Experts in the US are warning that as the internet becomes increasingly sophisticated people are using it to create their own worlds. Using filtering techniques they can block out everything they dislike and hear only what they want to hear and see only what they want to see.The article frequently quotes Professor Cass Sunstein, of the University of Chicago Law School. As an example of the internet fostering "extremism," Sunstein points to that most infamous of "extremist organizations," the NRA:
He also looked at the National Rifle Association (NRA).It is perhaps not surprising that Sunstein is concerned about opponents of draconian gun laws organizing their arguments on the internet--his own leanings with regard to that debate are fairly clear (also read Nicki's superb demolition of that piece).
"A group whose members lean against gun control will, in discussion, provide a wide range of arguments against gun control, and the arguments made for gun control will be both fewer and weaker. The group's members, to the extent that they shift, will shift toward a more extreme position against gun control,” says the professor.

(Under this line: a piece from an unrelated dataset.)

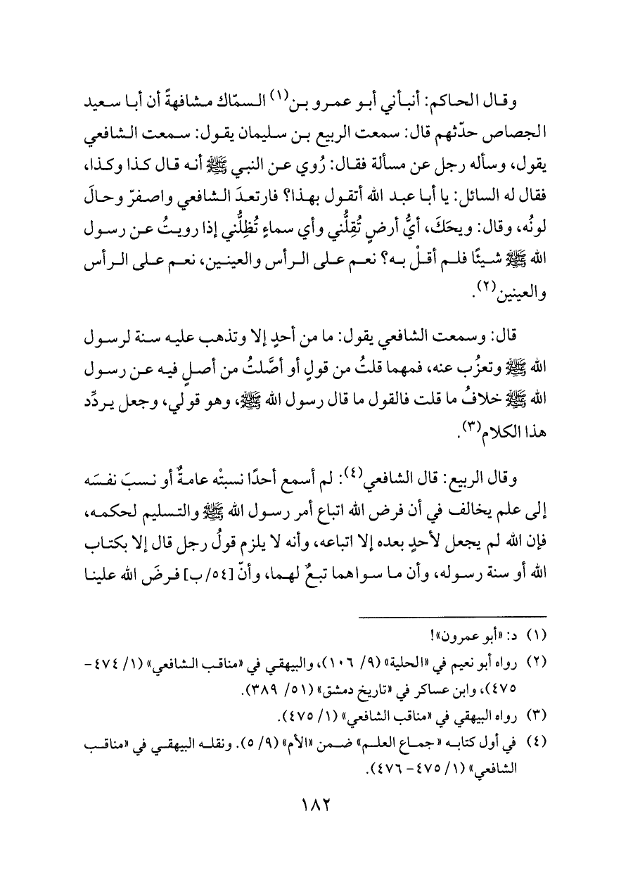 وقال الحاكم: أنبأني أبو عمرو بن (¬١) السمّاك مشافهةً أن أبا سعيد الجصاص حدّثهم قال: سمعت الربيع بن سليمان يقول: سمعت الشافعي يقول، وسأله رجل عن مسألة فقال: رُوي عن النبي - صلى الله عليه وسلم - أنه قال كذا وكذا، فقال له السائل: يا أبا عبد الله أتقول بهذا؟ فارتعدَ الشافعي واصفرّ وحالَ لونُه، وقال: ويحَكَ، أيُّ أرضٍ تُقِلُّني وأي سماءٍ تُظِلُّني إذا رويتُ عن رسول الله - صلى الله عليه وسلم - شيئًا فلم أقلْ به؟ نعم على الرأس والعينين، نعم على الرأس والعينين (¬٢).

It is in this vein that Sunstein sees the advent of the personalisation of information via the Internet as such a threat.
The problem with that thinking, Cass, is that wherever one goes, "the arguments made for gun control will be both fewer and weaker"--that's simply the nature of a position that lacks grounding in facts and logic.
In fact, I (and many of my like-minded compatriots) actively seek out arguments in favor of more restrictive gun laws (it being rather difficult to debunk what the other side is saying, without knowing what the other side is saying). The very weakness of the arguments advanced by the citizen disarmament advocates has done at least as much to push me into the gun rights advocacy camp as has what I have seen from people on my side.
Besides, is pro-rights "extremism" such a bad thing? Barry Goldwater didn't seem to think so, and I have a sneaky suspicion that the Founding Fathers didn't, either.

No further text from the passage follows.